I wouldn't really call it a brain teaser...... But I'd personally go with the second game. You're already taking a chance, so why not take a more interesting one? ;) And I guess it'd make sense to pay at least $5000 for the first game.. The second one, no. I'd pay less just because you don't know what are your exact chances unlike the first one. And that's a really interesting question for an interview.. what'd you answer?

Since no one else is going to have a stab at this, I will respond to your post.

You actually do know what the odds are for the second game - and it turns out that they are the exact same as in the first game (this can be proven). Just enumerate the different distributions of possible proportions: you can have 100 blue balls and 0 yellow balls, or 99 blue balls and 1 yellow ball, 98 blue balls and 2 yellow balls, .... all the way to 0 blue balls and 100 yellow balls. This is a total of 101 possible distributions. And because the distribution is chosen at random, they are all equally likely to occur each with probability 1/101. If you sum all of the possible distributions and you weigh them each by a factor of 1/101, you end up with 50/50 odds. So even though in the first game the risks are well-defined and in the second game there is uncertainty about the risks, the odds turn out to be identical, and you should pay the same amount for both games.

I agree with expecting 50/50 odds for the second game, but the distribution of the balls in the box here isn't necessarily uniform (it could be, but that's a wild assumption). There is no proof that each box combo has a 1/101 probability. By the way, if it is, it is not true that you know what distribution you're about to get, or can expect. Or in any case, for that matter.

It's more likely to be a binomial distribution than anything else. That is, 100 blue balls and 0 yellow balls or 100 yellow balls and 0 blue balls are a hell a lot less likely to be the chosen distribution than it being 50/50. Think about it. You can only make 1 combination of 100 blue and 0 yellow (choosing a blue ball each time). But you can make about 1.0*10^29 different combinations of 50 blue and 50 yellow (that is, 100C50 on your scientific calculator).

Also, your last sentence there is a normative statement. I would leave it at it would make sense for you to pay the same amount to play the second game, but not that you should. People generally want extra compensation for uncertain risk.

@superstar2011 wrote

@Quant wrote

@StudentAtStPats wrote

I wouldn't really call it a brain teaser...... But I'd personally go with the second game.

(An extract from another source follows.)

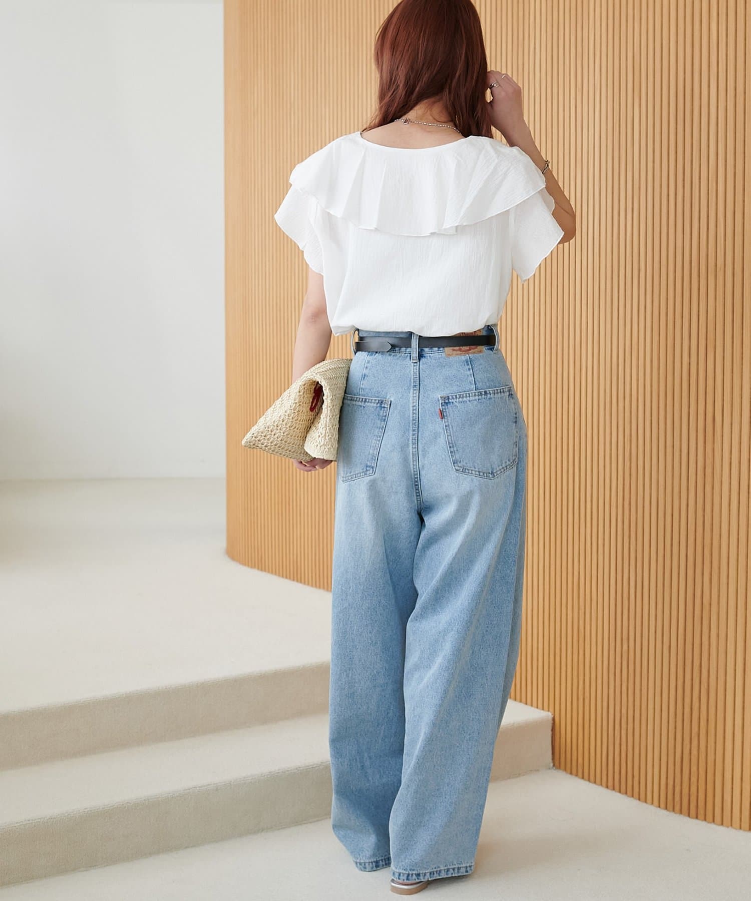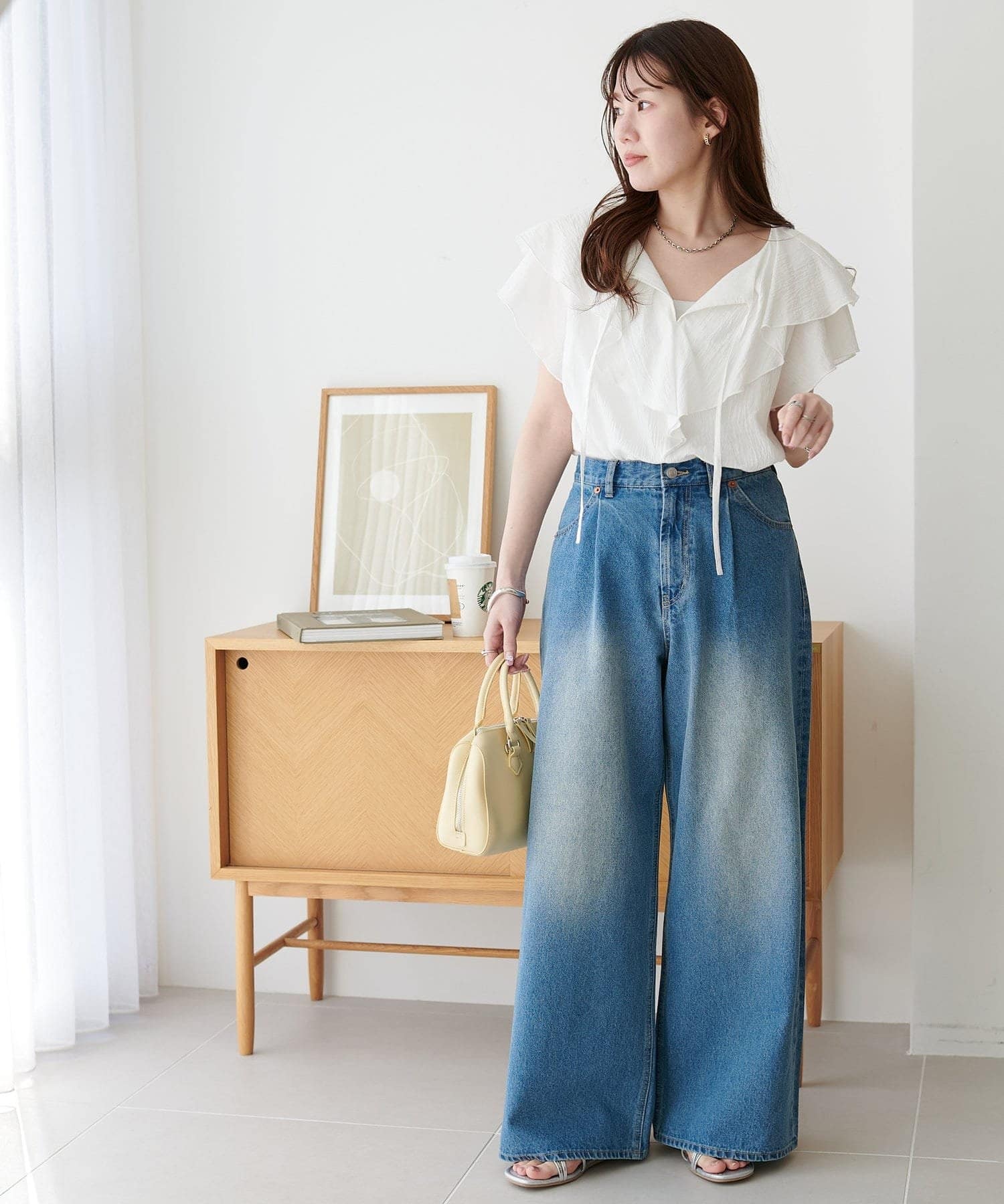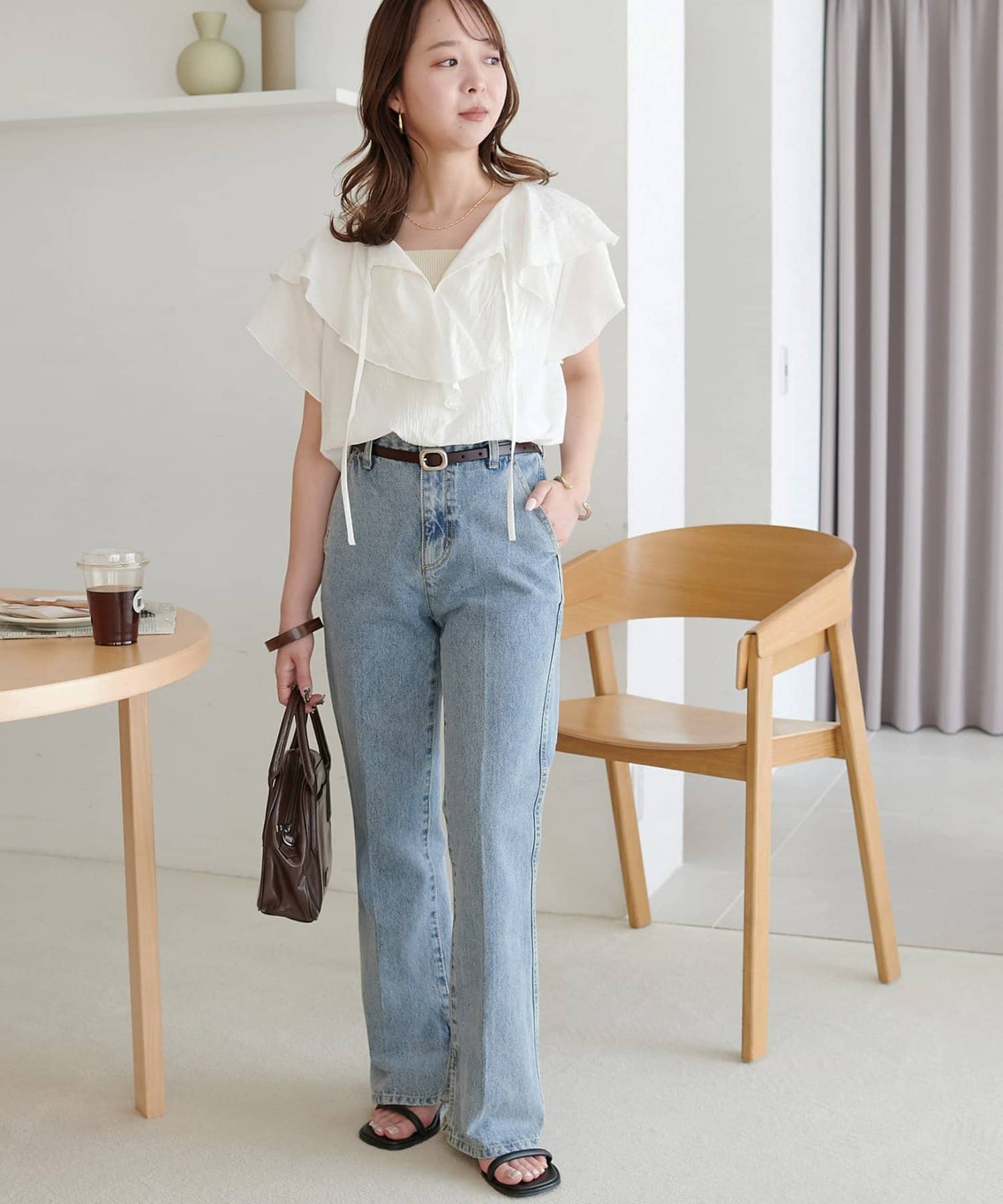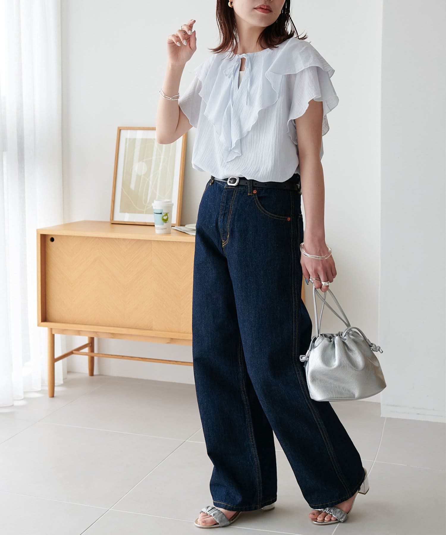 ・パッと目を引く襟フリルのデザインがポイントのブラウス。

You're already taking a chance, so why not take a more interesting one? ;) And I guess it'd make sense to pay at least $5000 for the first game.. The second one, no. I'd pay less just because you don't know what are your exact chances unlike the first one. And that's a really interesting question for an interview.. what'd you answer?

Since no one else is going to have a stab at this, I will respond to your post.

You actually do know what the odds are for the second game - and it turns out that they are the exact same as in the first game (this can be proven). Just enumerate the different distributions of possible proportions: you can have 100 blue balls and 0 yellow balls, or 99 blue balls and 1 yellow ball, 98 blue balls and 2 yellow balls, .... all the way to 0 blue balls and 100 yellow balls. This is a total of 101 possible distributions. And because the distribution is chosen at random, they are all equally likely to occur each with probability 1/101. If you sum all of the possible distributions and you weigh them each by a factor of 1/101, you end up with 50/50 odds. So even though in the first game the risks are well-defined and in the second game there is uncertainty about the risks, the odds turn out to be identical, and you should pay the same amount for both games.

I agree with expecting 50/50 odds for the second game, but the distribution of the balls in the box here isn't necessarily uniform (it could be, but that's a wild assumption). There is no proof that each box combo has a 1/101 probability. By the way, if it is, it is not true that you know what distribution you're about to get, or can expect. Or in any case, for that matter.

It's more likely to be a binomial distribution than anything else. That is, 100 blue balls and 0 yellow balls or 100 yellow balls and 0 blue balls are a hell a lot less likely to be the chosen distribution than it being 50/50. Think about it. You can only make 1 combination of 100 blue and 0 yellow (choosing a blue ball each time). But you can make about 1.0*10^29 different combinations of 50 blue and 50 yellow (that is, 100C50 on your scientific calculator).

Also, your last sentence there is a normative statement. I would leave it at it would make sense for you to pay the same amount to play the second game, but not that you should. People generally want extra compensation for uncertain risk.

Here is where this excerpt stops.